§ **Task instructions**:
Output exactly, and only, the lines below from the one with "由井広一郎さんの総運は35画の4点!" down to the one with "This stunning and". Include both end lines and no pictures.

(Extracted data entries)
_ _ _

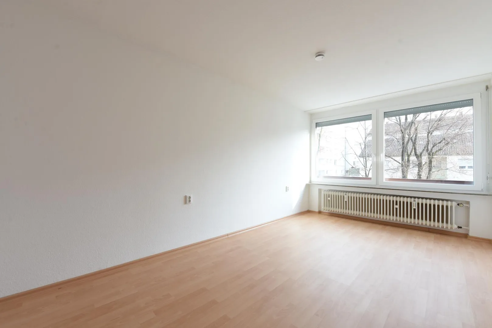 Im Schlafzimmer sind Rollläden vorhanden; im Wohnzimmer Innen-Rollos.
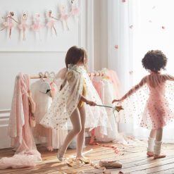 Esta maravillosa capa blanca quedará increíble para fiestas o juegos imaginativos. Está confeccionado con tul suave con preciosas estrellas doradas brillantes para un efecto brillante.
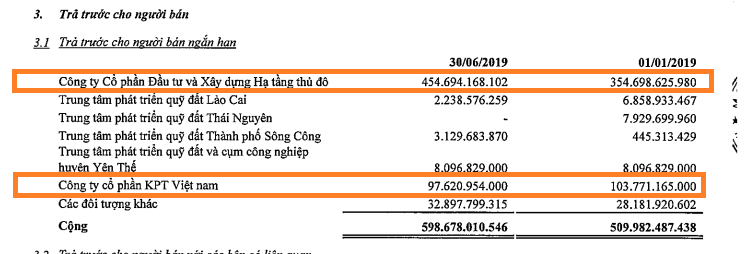 Bên cạnh thông tin về giao dịch giữa Kosy, công ty do ông Nguyễn Việt Cường làm Chủ tịch và Công ty ALI do ông Nguyễn Thái Luyện làm đại diện pháp lý, báo cáo tài chính 6 tháng đầu năm 2019 của Kosy thể hiện rõ mối quan hệ giữa doanh nghiệp này với Công ty CP Đầu tư và Xây dựng hạ tầng Thủ đô và Công ty CP KPT Việt Nam. Cụ thể, theo khoản mục trả trước cho người bán ngắn hạn với giá trị lần lượt là 454,6 tỷ đồng, tăng 100 tỷ đồng so với thời điểm đầu năm 2019, và 97,6 tỷ đồng, giảm 5 tỷ đồng so với thời điểm đầu năm 2019.
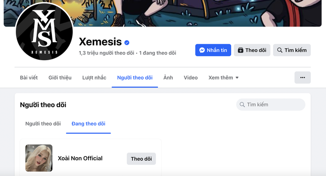 Ngược lại, page Xemesis cũng chỉ theo dõi duy nhất mình page của Xoài Non.
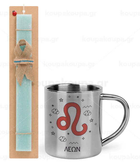 Ζώδια Λέων, Easter Set, metallic thermal cup (300ml) & aromatic flat Easter candle (30cm) (TURQUOISE)
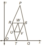 \(2)\\ \begin{array}{|rcl|rcl|rcl|} \hline && &P &=& S + \dfrac{QP}{2} & QP &=& 2(S-Q) \\ && &P &=& S + (S-Q) \\ && &P &=& 2S-Q & S&=&2V-\dfrac{Q}{2} \\ && &P &=& 4V-Q-Q \\ && &\mathbf{P} &=& \mathbf{4V-2Q} \\ \hline && &P &=& 2R & R&=&2U-\dfrac{Q}{2} \\ && &\mathbf{P} &=& \mathbf{4U-Q} \\ P= 4U-Q &=& 4V-2Q \\ 4U-Q &=& 4V-2Q \\ \mathbf{ Q }&=& \mathbf{4V-4U} \\ \hline \end{array} \\ 3)\\ \begin{array}{|rcl|rcl|rcl|} \hline W&=& \dfrac{1}{2}( R+S )& R&=&2U-\dfrac{Q}{2} & S&=&2V-\dfrac{Q}{2} \\ W&=& \dfrac{1}{2}( 2U-\dfrac{Q}{2}+2V-\dfrac{Q}{2} ) \\ W&=& \dfrac{1}{2}( 2U+2V-Q ) \\ \mathbf{ W }&=& \mathbf{U+V-\dfrac{Q}{2}} \\ \hline \end{array}\)
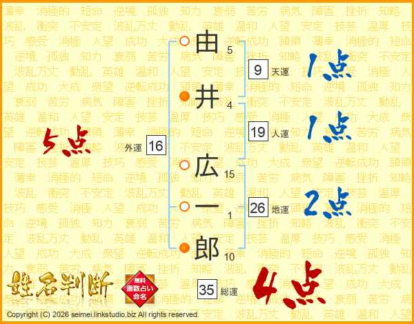 由井広一郎さんの総運は35画の4点!
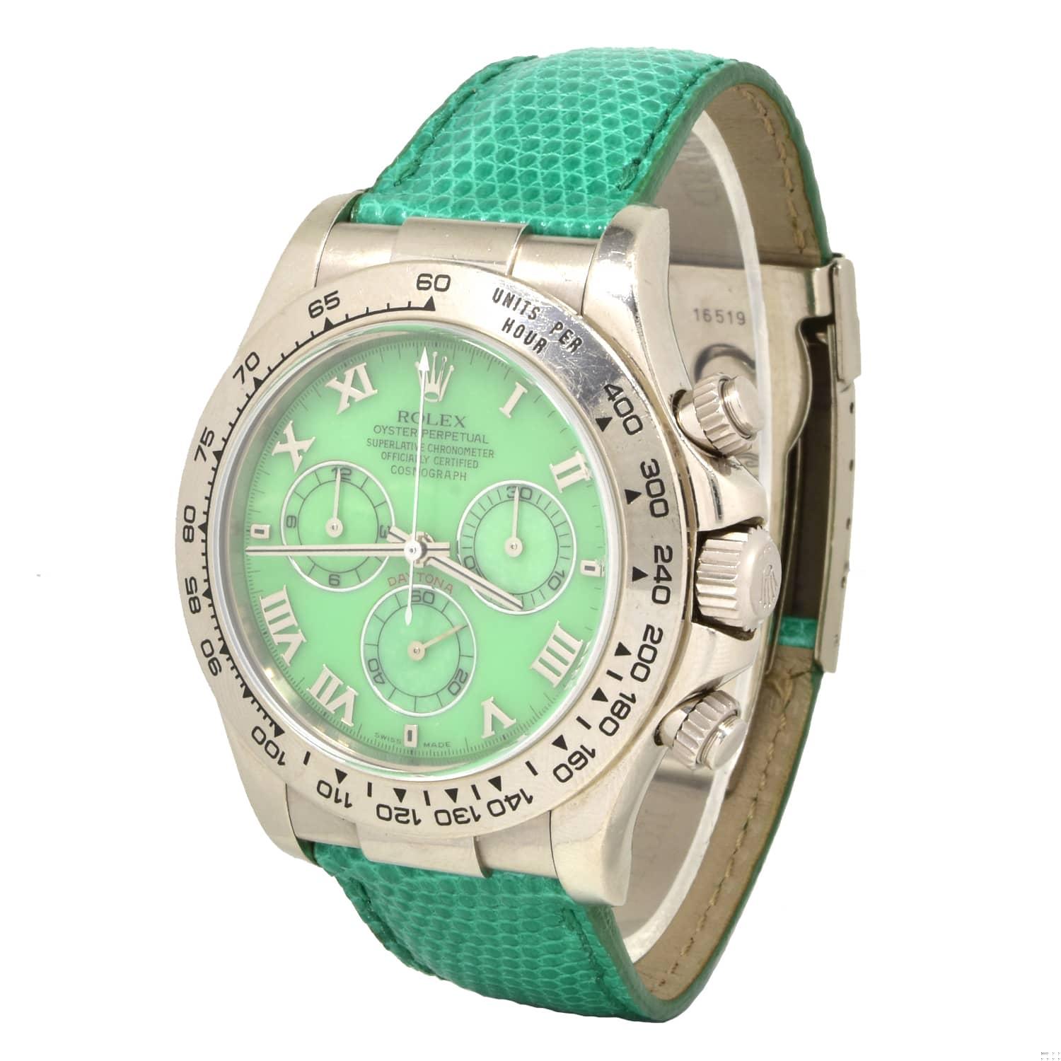This stunning and rare iteration of the Rolex Daytona Beach features a unique green chalcedony dial and is highly sought after by fans and collectors. A must-have for those looking for the perfect addition to their collection.
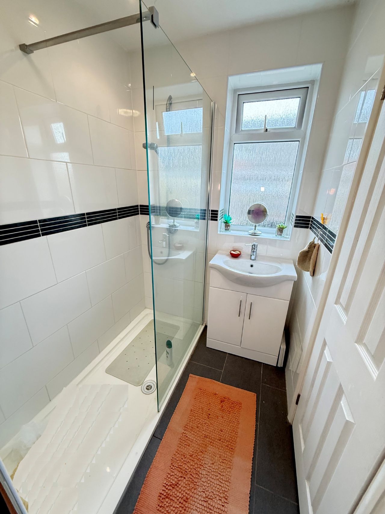 Fitted double shower cubicle with shower. Vanity wash hand basin. Chrome radiator. Fully tiled walls. Airing cupboard with lagged copper cylinder and immersion heater. Tiled flooring. Double glazed window.
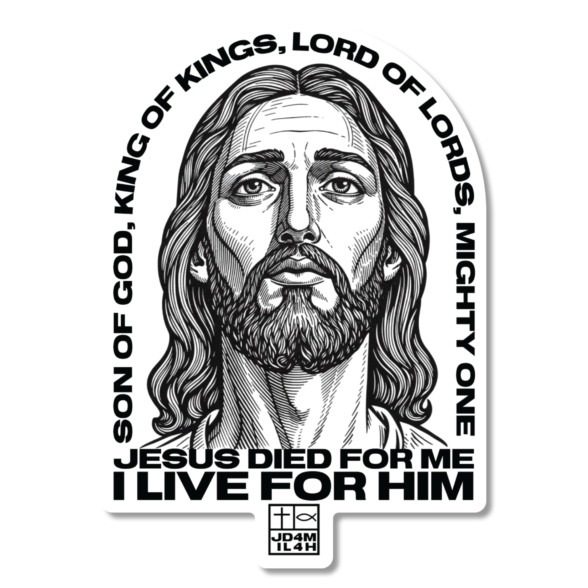The Jesus Sticker is a sticker of Jesus sharing our message and all of his great names. The sticker is a die cut sticker measuring about 3” tall and 2.11” wide. It is made of thick, durable vinyl to protect it from scratches, sunlight, and water. Stick it on your favorite items to remind you that “JESUS DIED FOR ME, I LIVE FOR HIM.” Let’s share Jesus with the world!
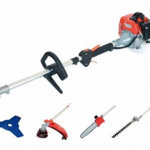 Increible kit multifuncion que incorpora cabezal de nylon y disco de tres puntas para desbrozar, un sierra podadora de 10″ y 43 cm y tambien un cortasetos regulable de doble corte
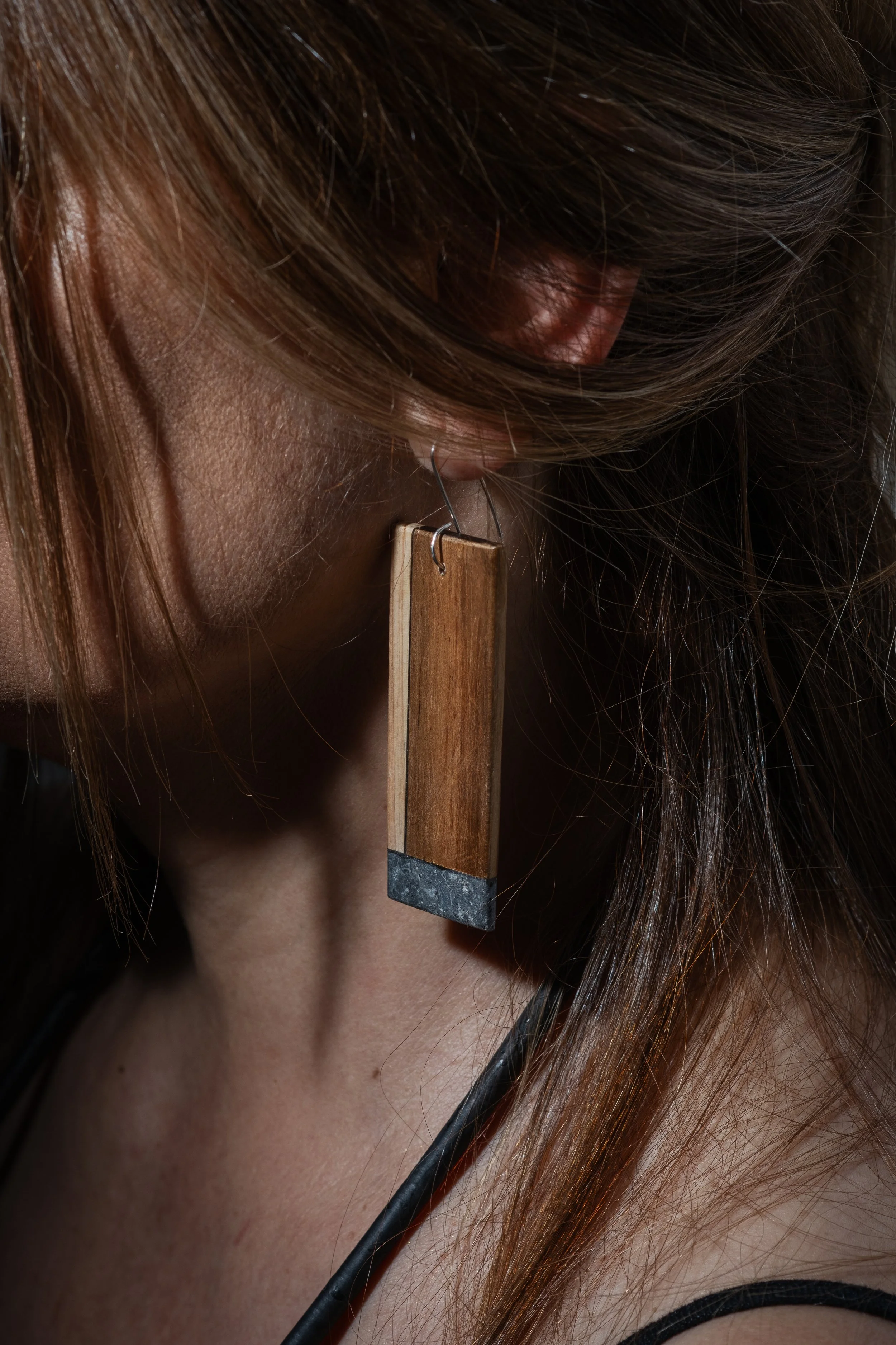 Prendedor simples; prendedor duplo; prendedor composto duas peças. Madeiras diversas e ignímbrito.
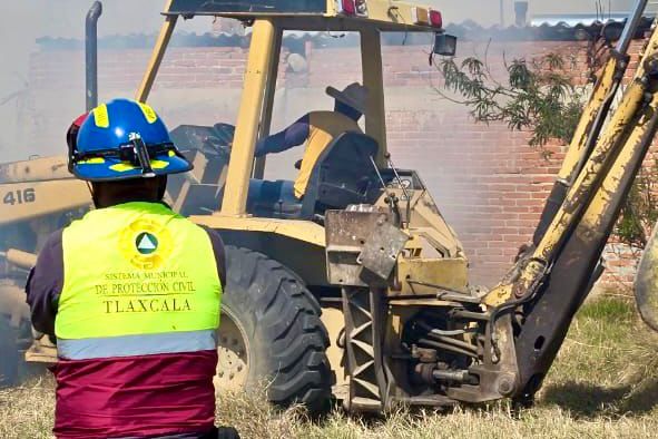 Unen esfuerzos Protección Civil y Policía Municipal de Tlaxcala con el estado y bomberos para proteger a la población de incendio en pastizal
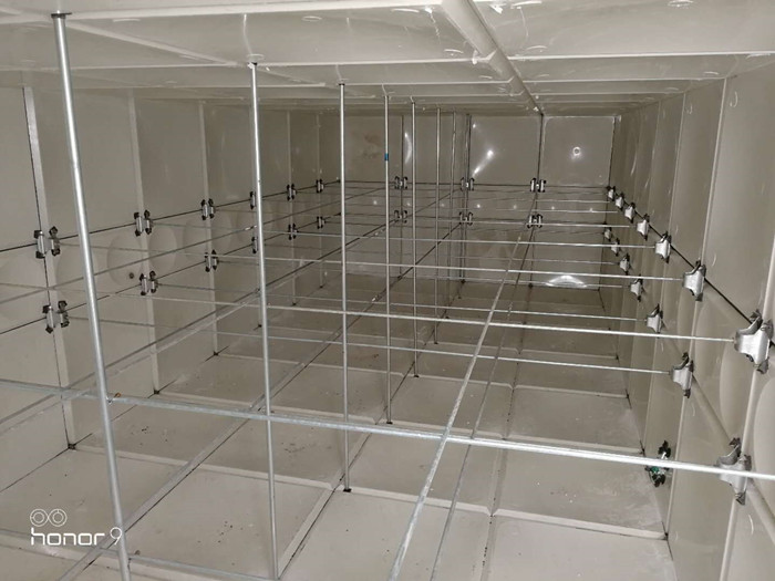 玻璃鋼水箱內拉筋簡單說來就是拉兩邊的水箱板的,為了固定水箱,防止水箱里的水過滿了使水箱漲破,對水箱起著至關重要的作用。如果僅僅用水箱板和膠條組成我們需要尺寸的水箱,雖然不透水了,但是還不能盛水,因為盛水之后水箱會承受一個向外的張力,須加上拉筋系統受力,否則玻璃鋼水箱會形成一個高力矩體系,很容易撐壞。拉筋系統有圓鋼,內外拉筋板,對拉螺栓。
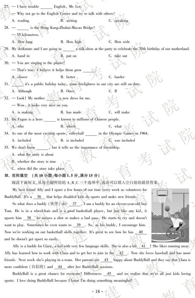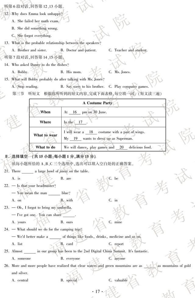 2019年福建南平中考英語(yǔ)科目考試現(xiàn)已結(jié)束,為方便考生及時(shí)估分,中考頻道在本次考試結(jié)束后發(fā)布了“2019年福建南平中考英語(yǔ)試題及答案”僅供考生參考學(xué)習(xí),在此預(yù)祝廣大考生取得優(yōu)異的成績(jī),請(qǐng)繼續(xù)關(guān)注我們!
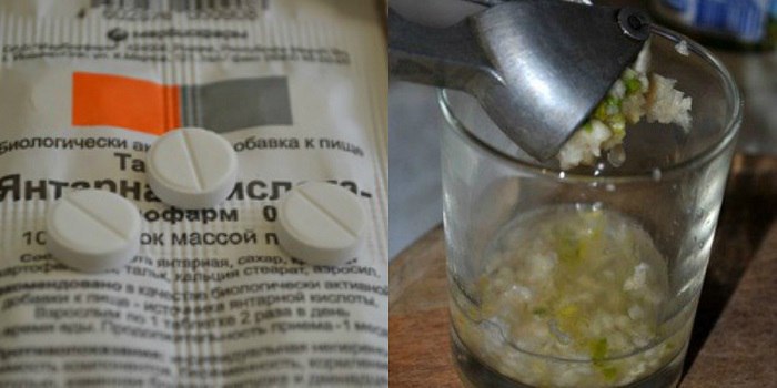 Готовится очень просто. Растворяем янтарную кислоту в горячей воде. Выдавливаем туда же чесночный сок. И в стеклянной емкости даем настояться сутки.

_ _ _

§ **Answer section**:
 由井広一郎さんの総運は35画の4点!
This stunning and rare iteration of the Rolex Daytona Beach features a unique green chalcedony dial and is highly sought after by fans and collectors. A must-have for those looking for the perfect addition to their collection.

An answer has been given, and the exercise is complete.